A favorite with tourists and locals alike, Poole’s Bar-B-Q has become a world-famous attraction in the mountain town of East Ellijay. Oscar and Edna Poole opened the restaurant in 1989. It started in a roadside shack but now occupies this building, known as the “Taj-Ma-Hog”.

Pig cut-outs, arranged in the shape of a pig, adorn the hill behind the restaurant known as the “Pig Hill of Fame”.

Pig-related names abound.

The Pig Hill of Fame started with just 300 cut-outs but now features over 3000.

Poole’s Bar-B-Q probably doesn’t need to advertise, but these crazy cars do a good job. The pig kitsch is a lot of fun. Like the old saying of eating everything but the squeal, Poole’s uses decorative pigs in every possible way.


This unassuming building is home to one of the most successful restaurants in Georgia. Hudson “Hut” Avant opened Dairy Lane as a summer-only business in 1953, after twice being turned down for a Dairy Queen franchise in Sandersville. It became a year-round business in 1957 and hasn’t slowed down a bit ever since.

Though it changed hands in 1995, it never lost site of its mission to be a gathering place for its community. It serves the standard fare: hamburgers, hot dogs, shakes, barbeque and fountain drinks, but that’s where it’s similarity to almost anywhere else in the region ends.
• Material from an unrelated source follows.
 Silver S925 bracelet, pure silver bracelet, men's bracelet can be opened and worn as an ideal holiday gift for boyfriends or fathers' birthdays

To someone who’s never been, it’s almost hard to believe how busy this place can be, especially on weekends. A number of people have commented that it’s a must-stop for people traveling through Sandersville en route to Georgia games from all over South Georgia, and there’s a good bit of football memorabilia displayed throughout the restaurant.

If you’re in Sandersville, you really don’t want to miss the Dairy Lane.
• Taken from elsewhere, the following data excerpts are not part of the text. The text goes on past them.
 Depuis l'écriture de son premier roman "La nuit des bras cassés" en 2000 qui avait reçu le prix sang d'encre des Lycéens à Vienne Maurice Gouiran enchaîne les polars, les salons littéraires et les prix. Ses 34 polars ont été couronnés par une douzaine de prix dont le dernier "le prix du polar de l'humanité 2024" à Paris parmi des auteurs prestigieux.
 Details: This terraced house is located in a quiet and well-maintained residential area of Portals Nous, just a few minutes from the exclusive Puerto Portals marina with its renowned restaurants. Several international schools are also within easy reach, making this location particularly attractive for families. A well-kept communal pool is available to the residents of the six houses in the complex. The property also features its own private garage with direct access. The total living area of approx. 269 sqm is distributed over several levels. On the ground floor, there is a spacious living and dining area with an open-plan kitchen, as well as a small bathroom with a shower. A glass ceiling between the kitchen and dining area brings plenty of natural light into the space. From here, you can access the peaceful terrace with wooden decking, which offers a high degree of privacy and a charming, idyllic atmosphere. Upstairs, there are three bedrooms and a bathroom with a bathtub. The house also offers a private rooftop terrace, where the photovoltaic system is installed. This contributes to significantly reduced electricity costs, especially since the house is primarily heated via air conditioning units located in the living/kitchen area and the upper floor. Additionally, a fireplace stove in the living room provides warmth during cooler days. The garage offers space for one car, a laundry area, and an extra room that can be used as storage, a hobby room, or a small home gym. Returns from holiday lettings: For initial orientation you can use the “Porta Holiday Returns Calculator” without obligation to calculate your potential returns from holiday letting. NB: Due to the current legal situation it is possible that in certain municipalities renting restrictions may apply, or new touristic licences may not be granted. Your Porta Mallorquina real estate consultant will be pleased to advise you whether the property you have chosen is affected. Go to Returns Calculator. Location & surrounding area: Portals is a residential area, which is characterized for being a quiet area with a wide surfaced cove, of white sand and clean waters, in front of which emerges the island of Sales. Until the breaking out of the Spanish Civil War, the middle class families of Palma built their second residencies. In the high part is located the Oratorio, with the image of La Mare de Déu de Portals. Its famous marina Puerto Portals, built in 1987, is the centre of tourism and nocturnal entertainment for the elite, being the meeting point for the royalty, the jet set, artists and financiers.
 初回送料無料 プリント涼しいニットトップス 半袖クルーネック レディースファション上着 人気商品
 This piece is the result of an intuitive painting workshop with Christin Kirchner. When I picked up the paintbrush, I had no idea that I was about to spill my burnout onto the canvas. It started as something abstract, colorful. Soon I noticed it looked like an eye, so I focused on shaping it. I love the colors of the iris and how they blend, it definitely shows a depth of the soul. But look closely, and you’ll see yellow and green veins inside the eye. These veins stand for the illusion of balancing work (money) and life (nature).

The Steedley family has operated this landmark, from tavern to restaurant to catering business, since the Great Depression. I don’t believe the restaurant is still open but it was famous far beyond Homerville. Travelers passing through this isolated town on busy US 84 depended on its good food and friendly atmosphere for generations.


I had an interesting conversation with an 85-year-old resident who had returned to Hillsboro after spending much of his career working on fishing boats on the Georgia coast; he noted that this was the Masonic lodge, but throughout its history had also served as a general store, and as the signage indicates, more recently a barbecue restaurant. I would guess it was built in the 1880s or 1890s but I’m not sure.
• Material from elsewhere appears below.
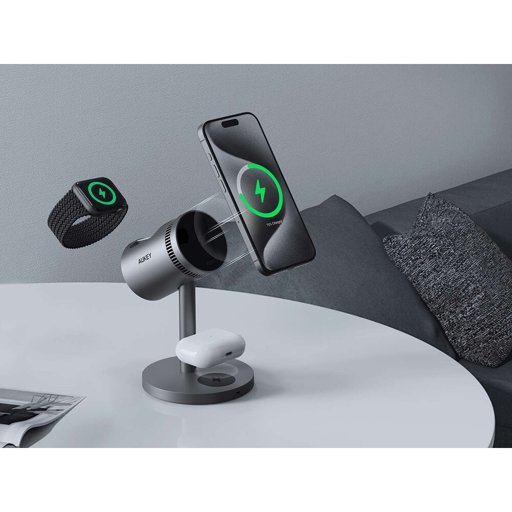 AUKEY LC-MC311A MagFusion 3-in-1 Pro Qi2 nabíječka s chlazením šedá
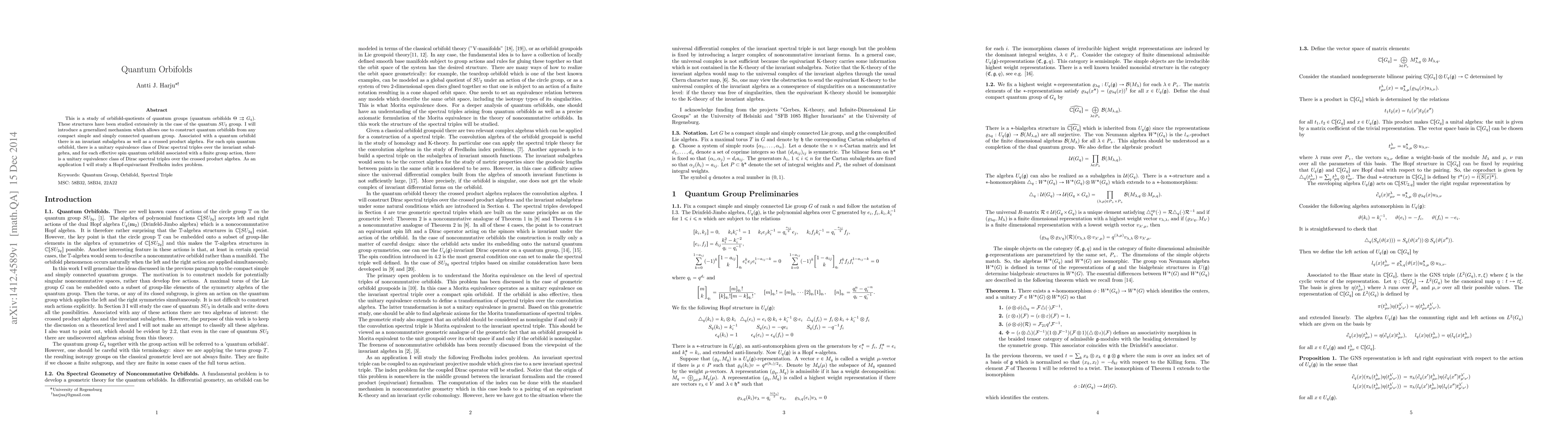 This is a study of orbifold-quotients of quantum groups (quantum orbifolds $\Theta \rightrightarrows G_q$). These structures have been studied extensively in the case of the quantum $SU_2$ group. I will introduce a generalized mechanism which allows one to construct quantum orbifolds from any compact simple and simply connected quantum group. Associated with a quantum orbifold there is an invariant subalgebra as well as a crossed product algebra. For each spin quantum orbifold, there is a unitary equivalence class of Dirac spectral triples over the invariant subalgebra, and for each effective spin quantum orbifold associated with a finite group action, there is a unitary equivalence class of Dirac spectral triples over the crossed product algebra. As an application I will study a Hopf-equivariant Fredholm index problem.

For generations, Old Clinton Bar-B-Q has been among Georgia’s best-known roadfood shrines. As soon as you walk through the sawdust under the low-hanging porch into the unassuming interior, itself a nod to a simpler time, you’ll feel very welcome. Though terms like “best” and “world-famous” can be found on nearly every barbeque joint’s shingle, you’ll find few locals who would dispute this claim. Features in Southern Living, USA Today, The Atlanta Journal-Constitution and The Washington Post have cemented its fame to non-locals. Clinton native John T. Edge, the leading food writer of the South, describes the barbeque in his book Southern Belly: “Sweet, smoky meat hacked to shreds, perfumed with a sauce tasting of vinegar and pepper, maybe a hint of tomato; Brunswick stew, thick with chicken, fresh pork, and corn; milky coleslaw, rich with mayonnaise. To this day, I don’t think I’ve tasted a meal that satisfied me so.”

Roy and Mittie “Lady” Coulter opened the restaurant in 1958 after the four-laning of US Highway 129 forced them to close their general store, across the highway on Greene Settlement Road. When Roy passed away suddenly in the restaurant’s kitchen in 1962, Lady took over the operations and remained chief cook until her death in 1996. The Coulter’s son Wayne is the proprietor today and he’s changed very little about the place. He did make one welcome change about twenty years ago, though: My mother never air-conditioned the place…and we had a big pit inside the restaurant where the smoke would sweep across the room. We’d have to open all the windows to air it out. We put in a wall that covered the pit in the ‘90s, got a new smoker, and finally cooled the place down a little bit.
If you’re using GPS, use this address: 4214 Gray Highway, Gray, Georgia 31032. You probably won’t need it, though. Once you see the little white pig and the wrap-around Coca-Cola signage, you’ll know you’ve arrived. There’s a new location on Highway 441 in Milledgeville, as well.